The current study aimed to prepare a pentavalent, inactivated Rotavirus vaccine (IRVV) using the most prevalent strains, circulating in the Egyptian environment. The vaccine immunogenicity was evaluated, after that, in mice as a representing animal model. The selected immunity marker to be detected was the RV-specific IgG antibodies; owing to their high impact in RV immunization. The trial-inactivated pentavalent vaccine immunogenicity was compared with the Rotarix® attenuated vaccine. That’s to evaluate the immunogenicity of the inactivated approach against the attenuated commercially available one.
Abstract
MSc Thesis 2016 Page 2
As result of the variation in the antigenic content and dosing schedule between the trial-IRVV and Rotarix® vaccine, the comparative assessment was dependent on achieving IgG-antibodies level exceeding 1: 6400. That limit implies a less susceptibility of RVI.
The trial-IRVV was developed with Egyptian isolated strains of G1, G2, G3 and G9/ P[8], formulated with 5% sucrose and 2% polysorbate-80 and thermally inactivated at 60°C for 2 hrs. A part of the prepared vaccine was modified with Alum-adjuvant. IRVV and Alum-IRVV trials were injected, subcutaneously, into mice groups at 0, 21, 35 days intervals. In parallel, the reference mice group was vaccinated with Rotarix® vaccine twice on 0 and 28th days, as recommended by the Rotarix® manufacturer.

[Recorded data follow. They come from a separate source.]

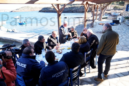 Τέλος πριν αναχωρήσει το υπουργικο κλιμάκιο για Κω με το πλωτό του λιμενικού που τους περίμενε, ο Δήμος Πάτμου τους παρέθεσε γεύμα. Το πρωί της επομένης επισκέφθηκαν την Ψέριμο.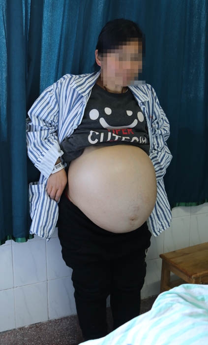 ??? 廣西省南寧市37歲的黃女士,1年前因月經(jīng)不調(diào)當(dāng)?shù)蒯t(yī)院B超檢查時(shí)發(fā)現(xiàn)腹腔內(nèi)有一枚鴨蛋大小的腫瘤,由于家庭條件困難,她一直堅(jiān)持在江湖郎中處服中藥治療,平時(shí)省吃儉用存下的2萬(wàn)多元錢都花光了。黃女士的肚子越來(lái)越大,腹部隆起如球形,活動(dòng)困難、呼吸費(fèi)力、食欲不振,嚴(yán)重影響正常生活。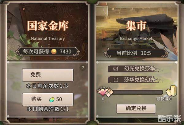 在集市可进行幻光与沙华之间的相互兑换,兑换的比例将由科技“科技研发”来决定,比例最高为10:5。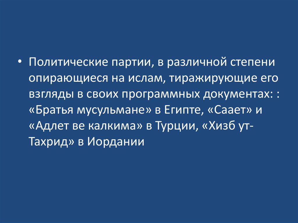 • Политические партии, в различной степениопирающиеся на ислам, тиражирующие его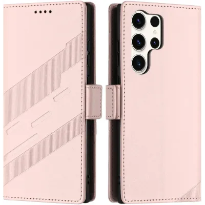 Coque portefeuille Phonesta Embossed Lines pour Samsung Galaxy S25 Ultra - Rose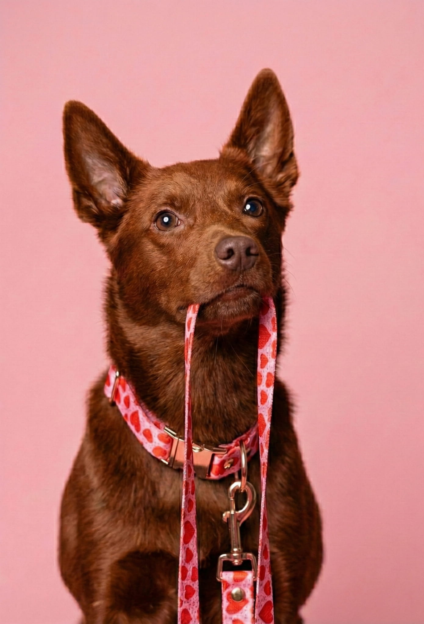 Zestaw spacerowy smycz i obroża + ZAWIESZKA GRATIS/ serduszka/ kolor czerwony/ Kolekcja Love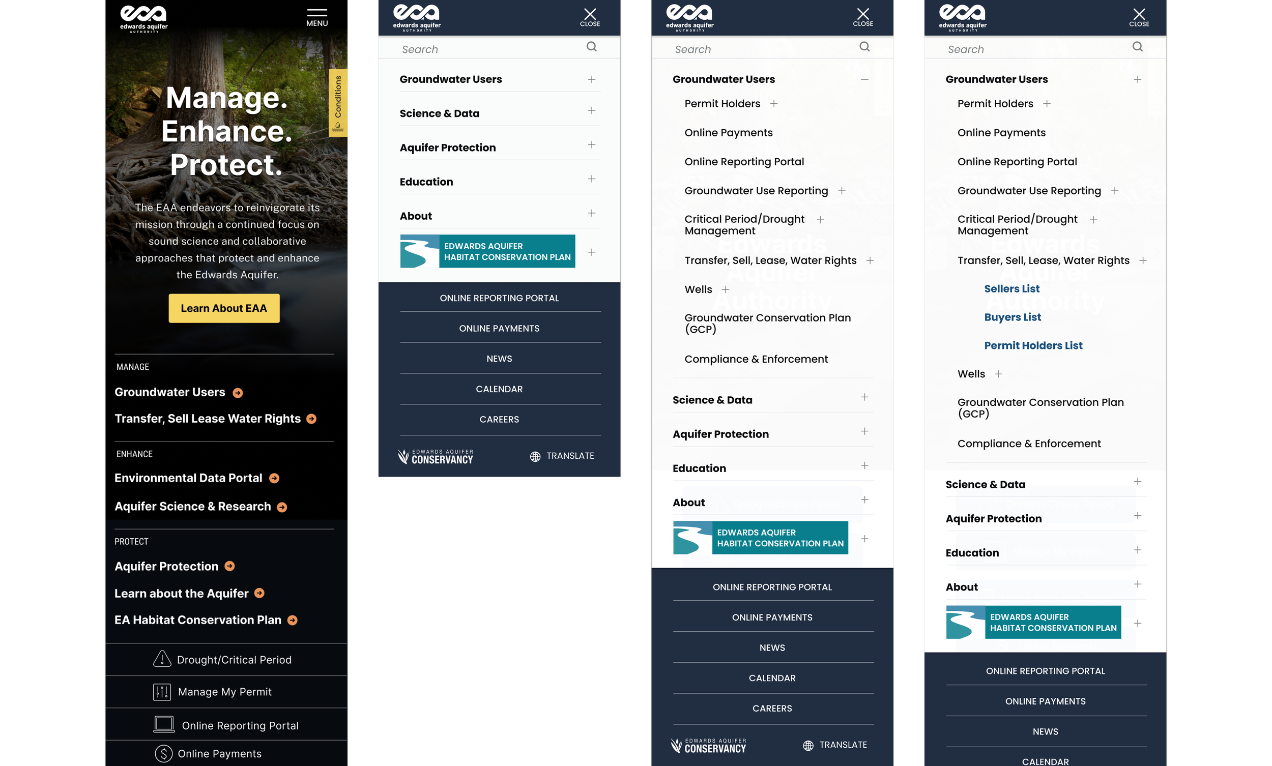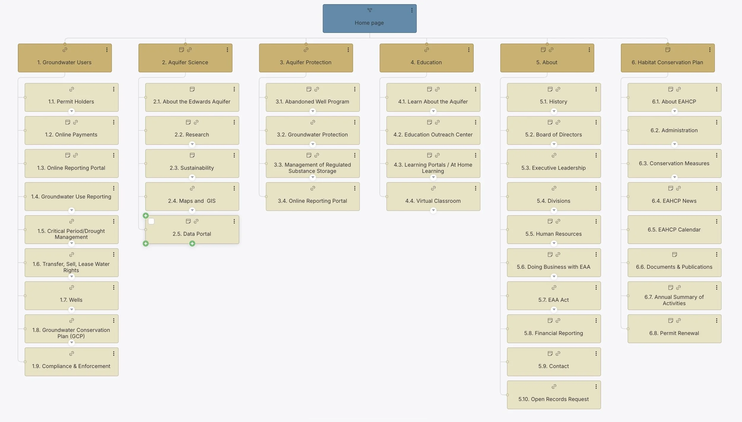 The Edwards Aquifer Authority (EAA) is a regional water management agency that regulates aquifer use in central Texas. The agency needed to redesign its public website and create an internal database dashboard. The project focused on integrating two external sites (conservation and education) into the main platform, organizing complex scientific content, and making technical water management information accessible to permit holders, educators, and the general public.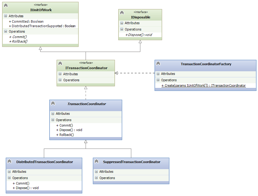 Of Work,看是否全部都支持MSDTC,如果都支持,则返回DistributedTransactionCoordinator的实例,否则返回SuppressedTransactionCoordinator的实例,表示忽略分布式事务处理的功能。DistributedTransactionCoordinator封装了System.Transactions.TransactionScope的实现,在Commit()方法被调用时,会首先调用基类中的Commit()方法来对Unit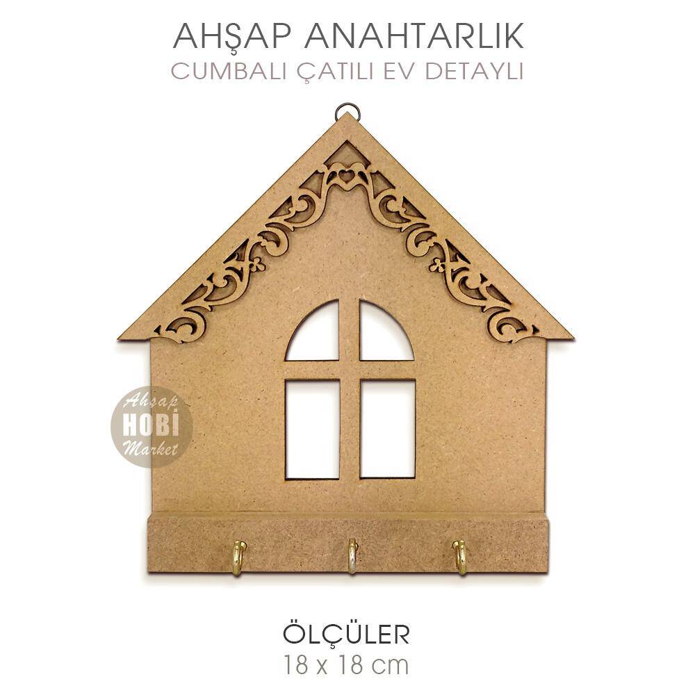 Ahşap Cumbalı Ev Anahtarlık Askısı ve Kapı Süsü, 18 cm yüksekliğinde, 18 cm genişliğinde, 4 mm kaliteli mdfden üretilmiş olup, duvara asmak suretiyle kullanılır. Duvara asmak için üzerinde askı aparatı bulunmaktadır.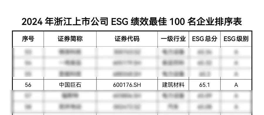 《證券時報》發(fā)布“2024中國上市公司ESG百強”榜單,中國巨石榜上有名。

IgG antibodies elevation was achieved with the pentavalent IRVV/ IRVV-Alum formulas, as well as the Rotarix® reference vaccine. In all vaccine formulas, IgG antibodies were exceeding the limit of 1:6400, indicating a less susceptibility for RVI and a reasonable immunization.
Further intensive research is needed to reveal the heterotopic and intestinal immunization that could be achieved with the inactivated vaccination approach, besides, application of variant adjuvants to best modify the IRVV immunization pattern.